4. Make sure your students’ instruments are in working order.

If you don’t feel comfortable playing all of the instruments, bring in a working professional, colleague, or college student to run a sectional, check the instruments, tune the drums, set up the action on the upright, and make any necessary minor adjustments.

5. Do your homework!

Learn the score and the individual parts, be familiar with the different recordings of the tunes, and show up on time—demonstrate what it means to be a professional musician. Can you get away with shooting from the hip from time to time? Sure. Can you do it day after day? Probably not. Your kids will eventually pick up on it, and you risk losing their enthusiasm, respect, and loyalty.
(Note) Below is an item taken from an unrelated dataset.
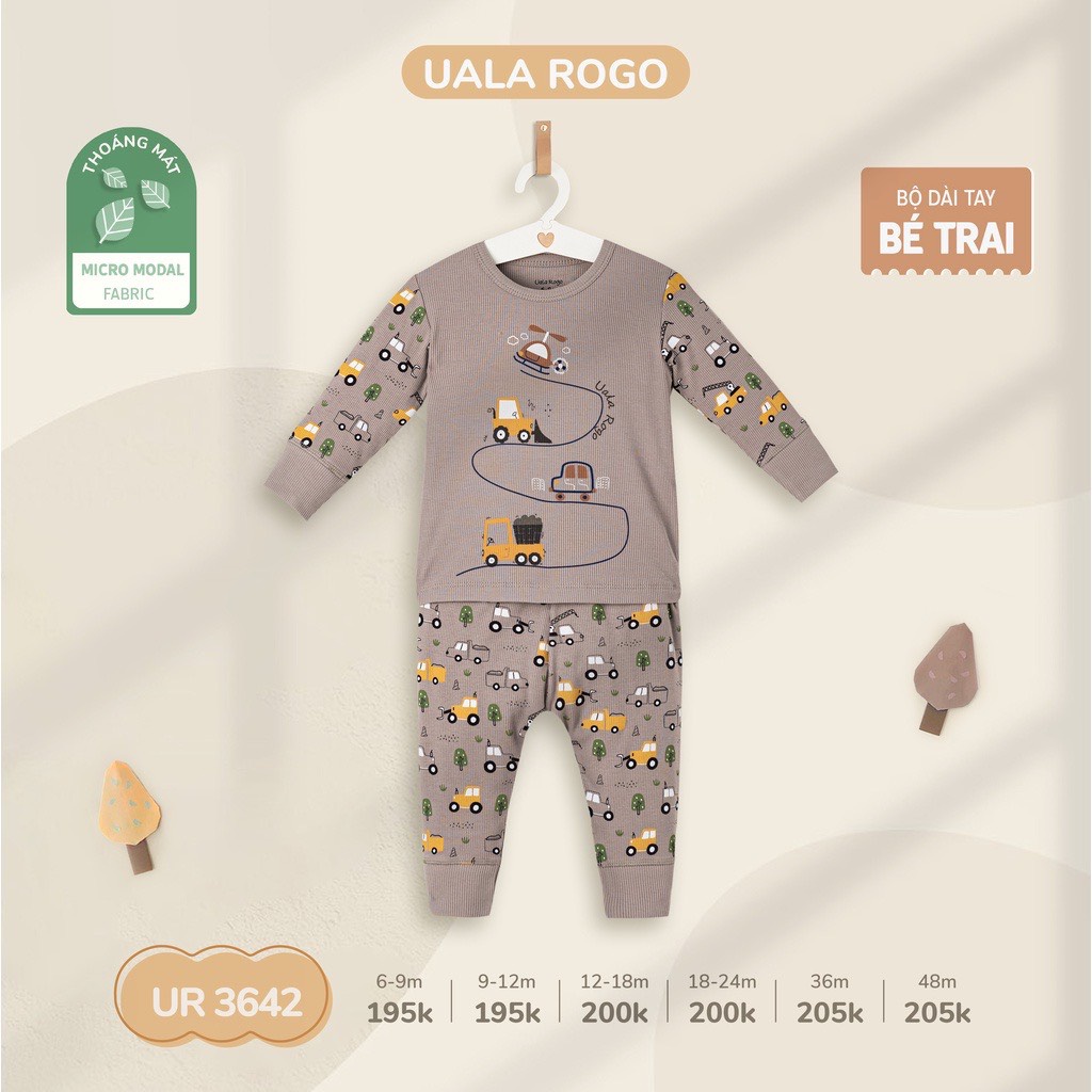 Bộ Quần Áo Dài Tay Uala Rogo Vải Modal Hoạ Tiết Hình Ô Tô Cho Bé UR3642

And frankly, why would you short-change your professional development as well as your students’ musical experience?

 

music educatorSteve Holley is the coordinator of the Commercial Music Program at the Kent Denver School in Englewood, CO. Under his leadership, the program’s DownBeat award-winning ensembles have performed at venues in Memphis, New Orleans, New York, and Miami, among others. Steve has performed with artists ranging from Arturo Sandoval to Tia Fuller, from James Williams to Doug Wamble, among many others. Prior to coming to Colorado he lived, performed, and taught in his adopted hometown of Memphis.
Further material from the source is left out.